[Work instructions] This task asks for the lines from the one with "Experience captivating views" to the final line below, repeated exactly, with pictures omitted.

BEGIN Recorded data

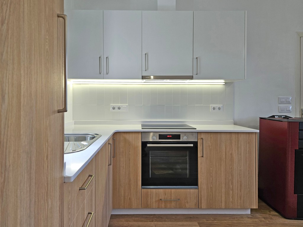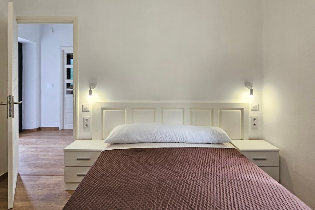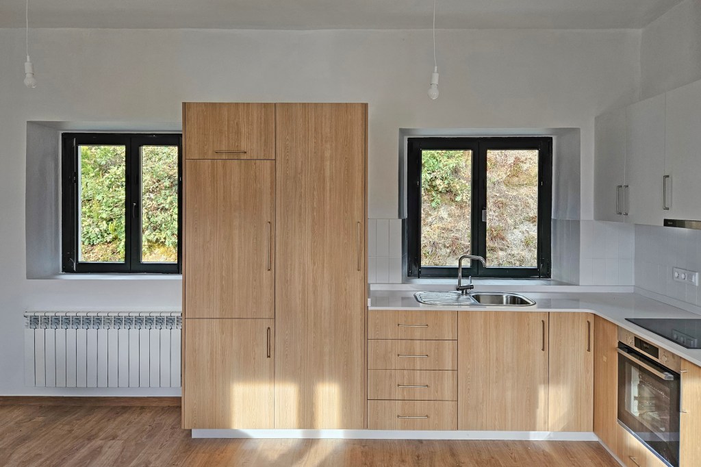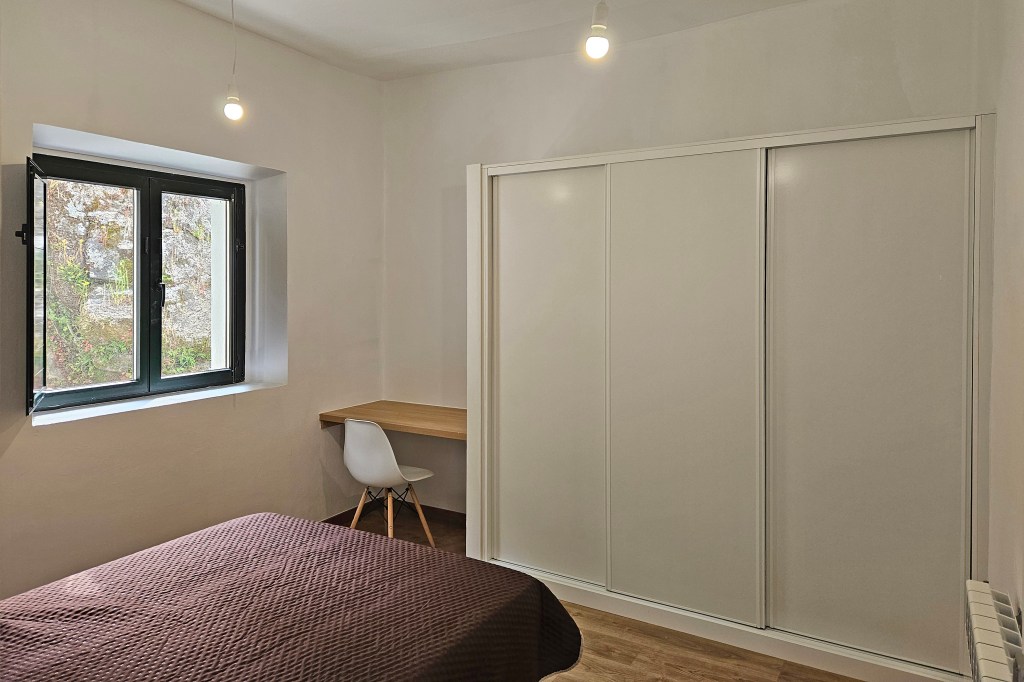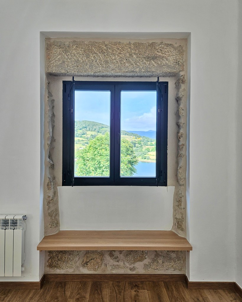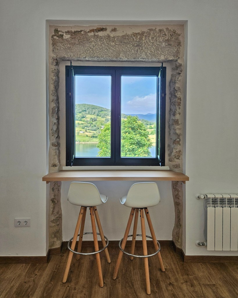 Se renuevan los acabados interiores y el equipamiento de baños, cocina y dormitorios, buscando un interior más confortable. En el salón un banco y una mesa alta permiten apreciar la piedra con la que están construidos los muros y se restaura la puerta abriendo tres cuarterones con vidrio para dar claridad al recibidor. Para mejorar su eficiencia energética se instala caldera de biomasa y un sistema aerotermia para el agua caliente, renovando por completo la instalación eléctrica.
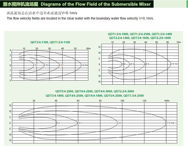 潛水?dāng)嚢铏C(jī)的選型是一項(xiàng)比較復(fù)雜的工作,選型方案的正確與否直接影響到設(shè)備的正常使用,作為選型的原則就是要讓攪拌機(jī)在適合的容積里發(fā)揮充分的攪拌功能,這個(gè)標(biāo)準(zhǔn)一般可用流速來確定。根據(jù)污水處理廠的不同工藝要求,攪拌機(jī)選型的佳流速應(yīng)保證在0.15~0.3m/s之間,如果低于0.15m/s的流速則達(dá)不到推流攪拌的效果,如果超過0.3m/s的流速則會(huì)影響工藝效果且造成浪費(fèi)。所以在選型前,首先要確定潛水?dāng)嚢铏C(jī)運(yùn)用在什么場(chǎng)所,如:污水池、污泥池還是生化池;其次是介質(zhì)參數(shù),如:懸浮物含量、溫度、PH值等;還有水池的形狀,水深甚至安裝方式等都將對(duì)選型產(chǎn)生影響,同時(shí)還應(yīng)考慮到節(jié)能因素,因?yàn)檫@將會(huì)影響到用戶今后的運(yùn)行成本。可參考下面的潛水?dāng)嚢铏C(jī)流場(chǎng)圖。
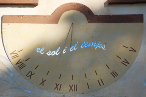 :: DESCRIPCIÓ: Vertical semicircular, línies horàries molt curtes, números romans (de VII a V), gnòmon (25 cms) vareta, elevació 111 mts.
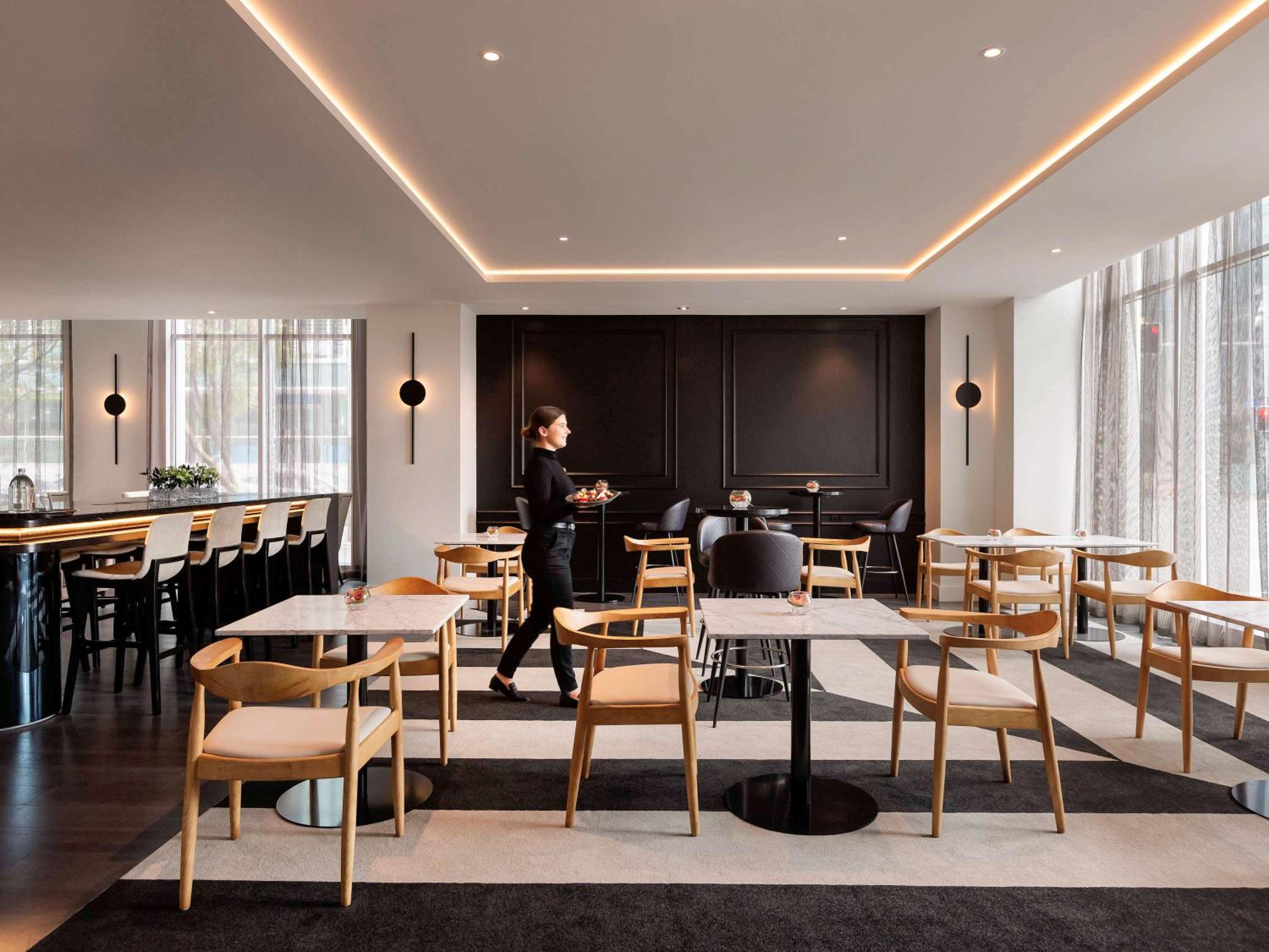 Experience captivating views of Viaduct Harbour Basin while indulging in exquisite dining at La Maree Restaurant and French Press Café.
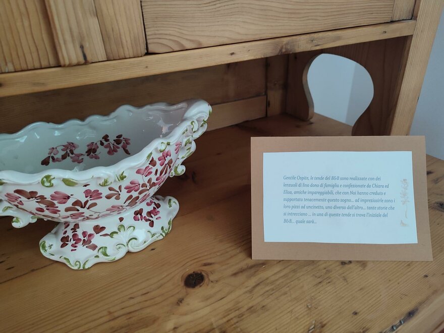 Le tende del B&B sono realizzate con dei lenzuoli di lino dono di famiglia e confezionate da Chiara ed Elisa, amiche impareggiabili, che con noi hanno creduto e supportato tenacemente questo sogno: ad impreziosirle sono i loro pizzi ad uncinetto, uno diverso dall’altro, tante storie che si intrecciano.

END Recorded data

[Worked solution]
 Experience captivating views of Viaduct Harbour Basin while indulging in exquisite dining at La Maree Restaurant and French Press Café.
 Le tende del B&B sono realizzate con dei lenzuoli di lino dono di famiglia e confezionate da Chiara ed Elisa, amiche impareggiabili, che con noi hanno creduto e supportato tenacemente questo sogno: ad impreziosirle sono i loro pizzi ad uncinetto, uno diverso dall’altro, tante storie che si intrecciano.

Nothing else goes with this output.